*** Block opens ***
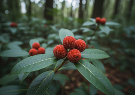 Vibrant red, textured, spherical berries clustered on a shrub with dark green, glossy leaves, captured in a detailed close up within a dense, shaded forest environment.
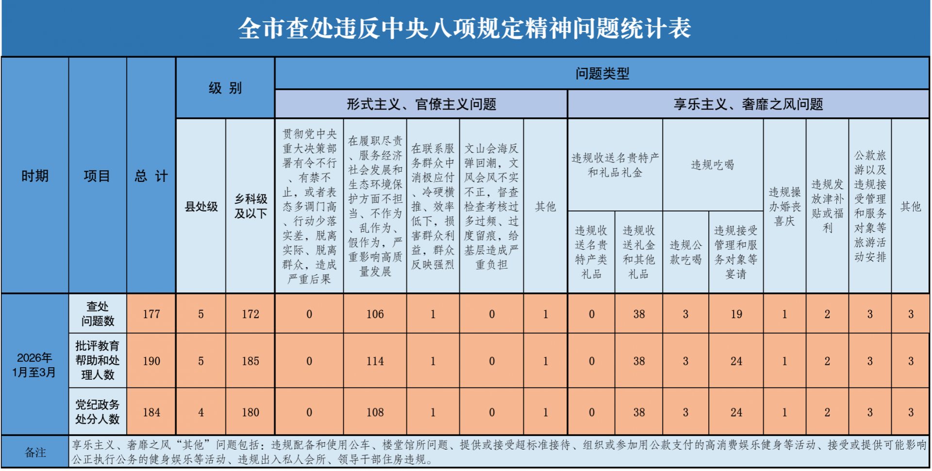 2026年第一季度,全市查处违反中央八项规定精神问题177起,批评教育和处理190人,其中,党纪政务处分184人。
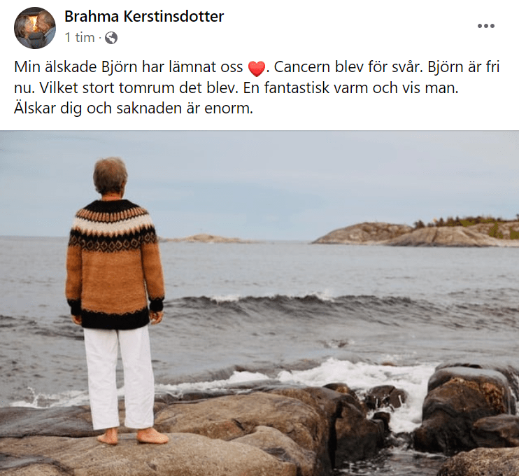 Jag fick lite tårar i ögonvrån där och då i bilen, men senare på kvällen när jag berättade för min man… då kom tårarna på riktigt och jag kände verkligen sorgen. Saknaden efter honom som man var. Innan han tynade bort. Sakta.
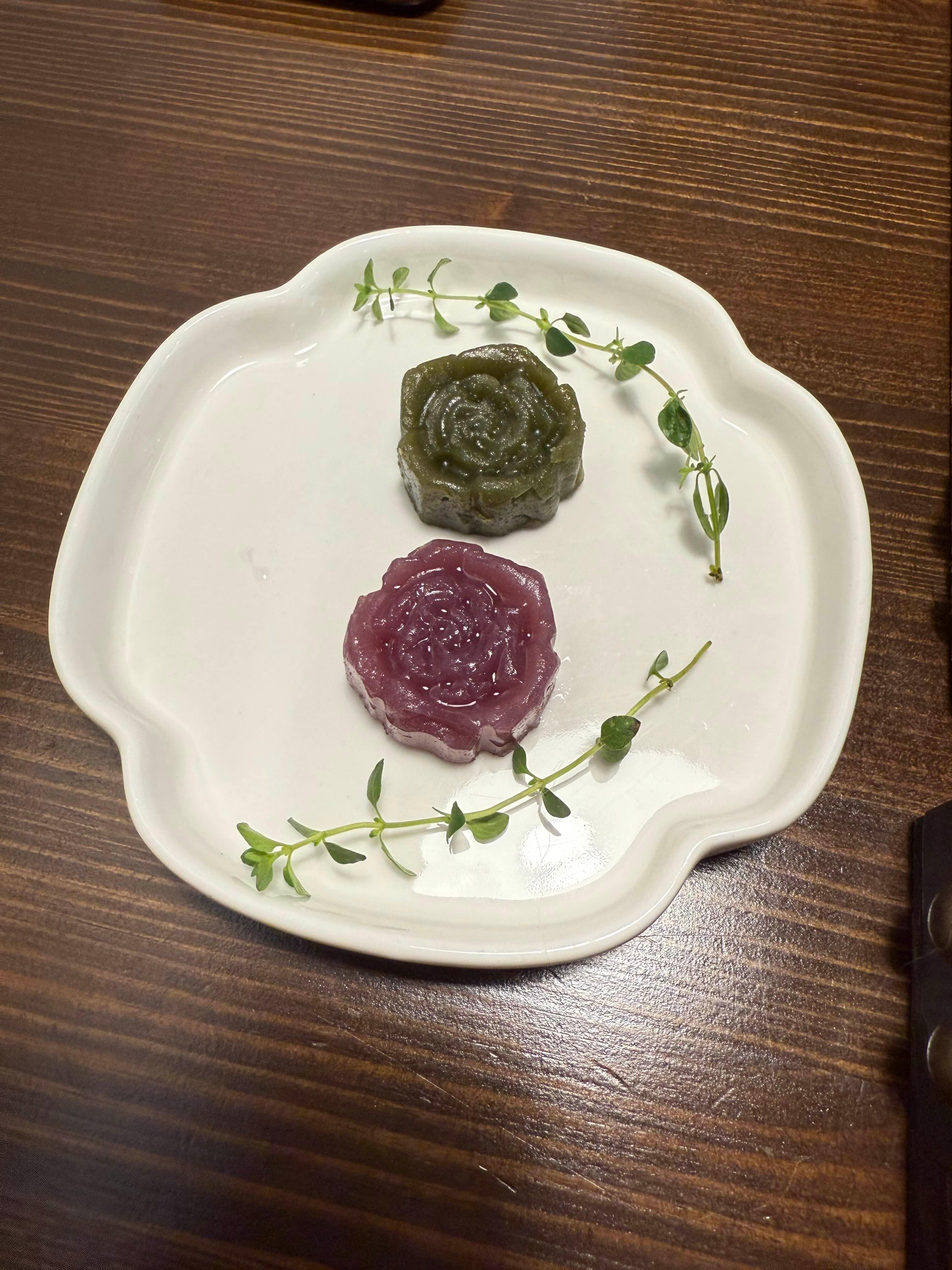 유리 티팟에 담긴 꽃차와 다과들이 트레이 위에 예쁘게 세팅된다. 찹쌀떡 위에 작은 꽃잎 장식이 올라간 모습은 먹기 전부터 눈을 즐겁게 해준다. 은은한 꽃차 향이 기분을 차분하게 만들어주고, 달지 않은 전통 다과와 잘 어울린다.
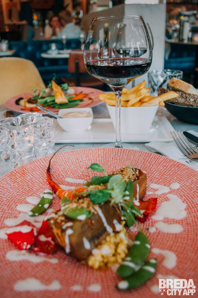 De vegetarische variant van het hoofdgerecht is een gerookte aubergine met een kruidenlak, dukkah kruiden & noten en afgemaakt met een frisse limoen yoghurt. De combinatie van de kruiden en de lak geeft een lekker subtiele, kruidige maar zachte bite aan de aubergine. Ook bij dit gerecht wordt een rode wijn geserveerd. Deze rode wijn is een Tempranillo van Mas Rabell uit Spanje met een kruidige, nootachtige smaak die goed aansluit op de subtiele kruidige bite van de aubergine.
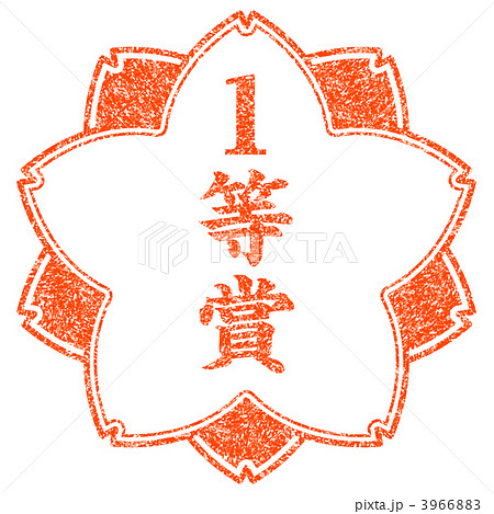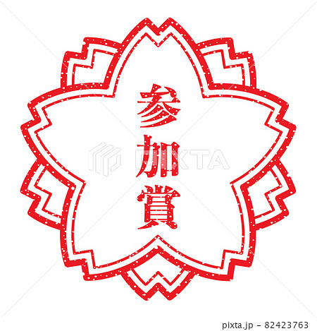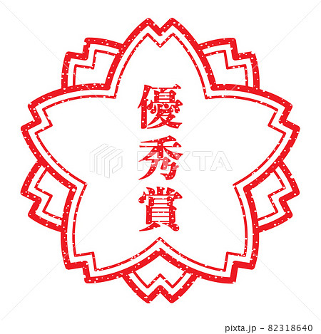 祝 受賞(桜の花の形をしたスタンプ)かすれた文字
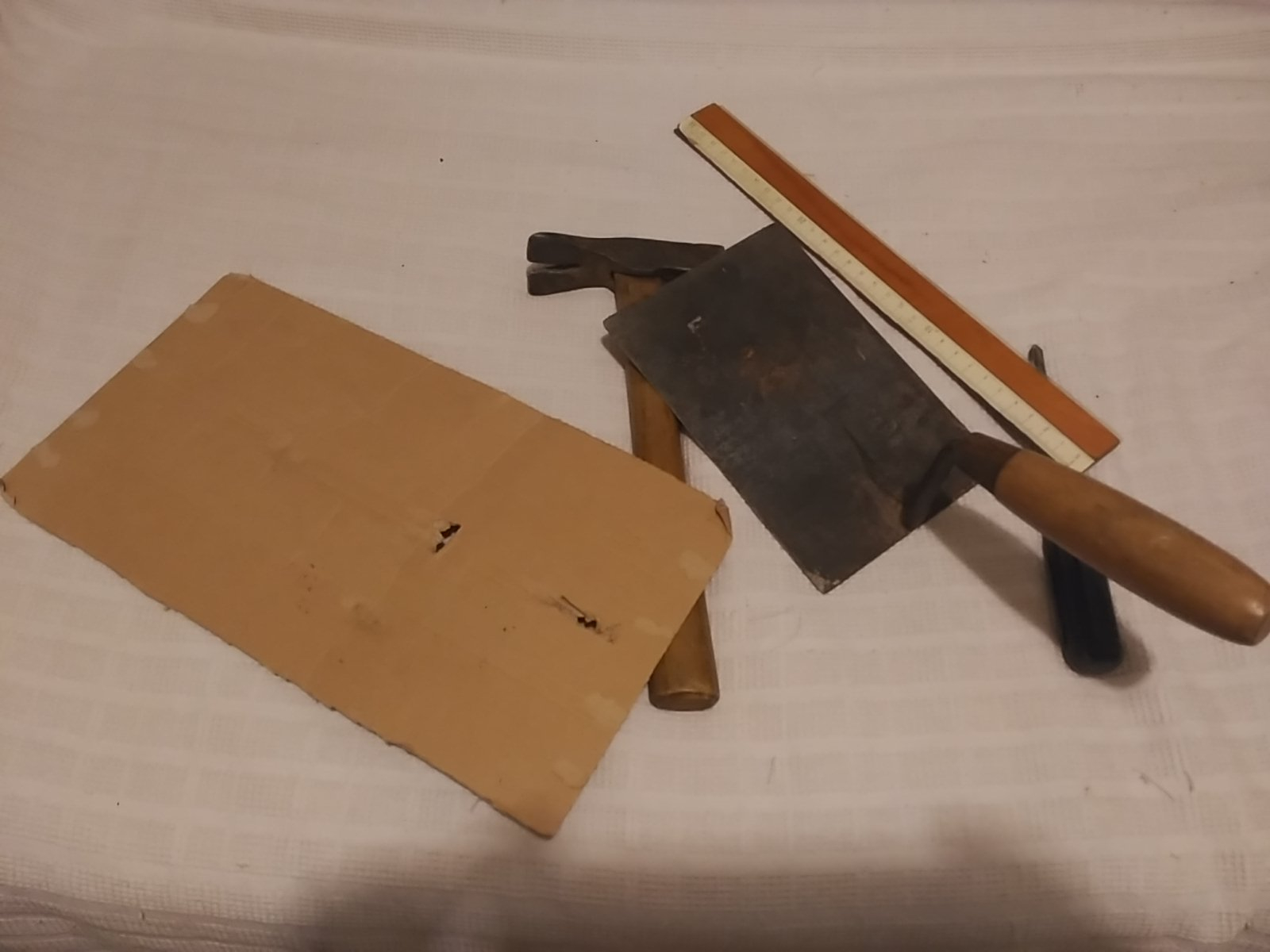 Ich habe die Kelle angesetzt, mit dem Hammer unter den Akku getrieben (geht bequem wenn alle anderen Akkus draussen sind) und dann den Kreuzschlitz unter die Kelle getrieben (als Keilersatz). So bekommt man die Klettverbindungen am Akkuboden gelöst und kann dann den Akku nach vorne rausziehen.
*** Block closes ***
What to do
Your answer must be the lines from the line containing "Jag fick lite" through the final line of the data, written out exactly, both ends included and pictures left out.

Expected answer
 Jag fick lite tårar i ögonvrån där och då i bilen, men senare på kvällen när jag berättade för min man… då kom tårarna på riktigt och jag kände verkligen sorgen. Saknaden efter honom som man var. Innan han tynade bort. Sakta.
 유리 티팟에 담긴 꽃차와 다과들이 트레이 위에 예쁘게 세팅된다. 찹쌀떡 위에 작은 꽃잎 장식이 올라간 모습은 먹기 전부터 눈을 즐겁게 해준다. 은은한 꽃차 향이 기분을 차분하게 만들어주고, 달지 않은 전통 다과와 잘 어울린다.
 De vegetarische variant van het hoofdgerecht is een gerookte aubergine met een kruidenlak, dukkah kruiden & noten en afgemaakt met een frisse limoen yoghurt. De combinatie van de kruiden en de lak geeft een lekker subtiele, kruidige maar zachte bite aan de aubergine. Ook bij dit gerecht wordt een rode wijn geserveerd. Deze rode wijn is een Tempranillo van Mas Rabell uit Spanje met een kruidige, nootachtige smaak die goed aansluit op de subtiele kruidige bite van de aubergine.
 祝 受賞(桜の花の形をしたスタンプ)かすれた文字
 Ich habe die Kelle angesetzt, mit dem Hammer unter den Akku getrieben (geht bequem wenn alle anderen Akkus draussen sind) und dann den Kreuzschlitz unter die Kelle getrieben (als Keilersatz). So bekommt man die Klettverbindungen am Akkuboden gelöst und kann dann den Akku nach vorne rausziehen.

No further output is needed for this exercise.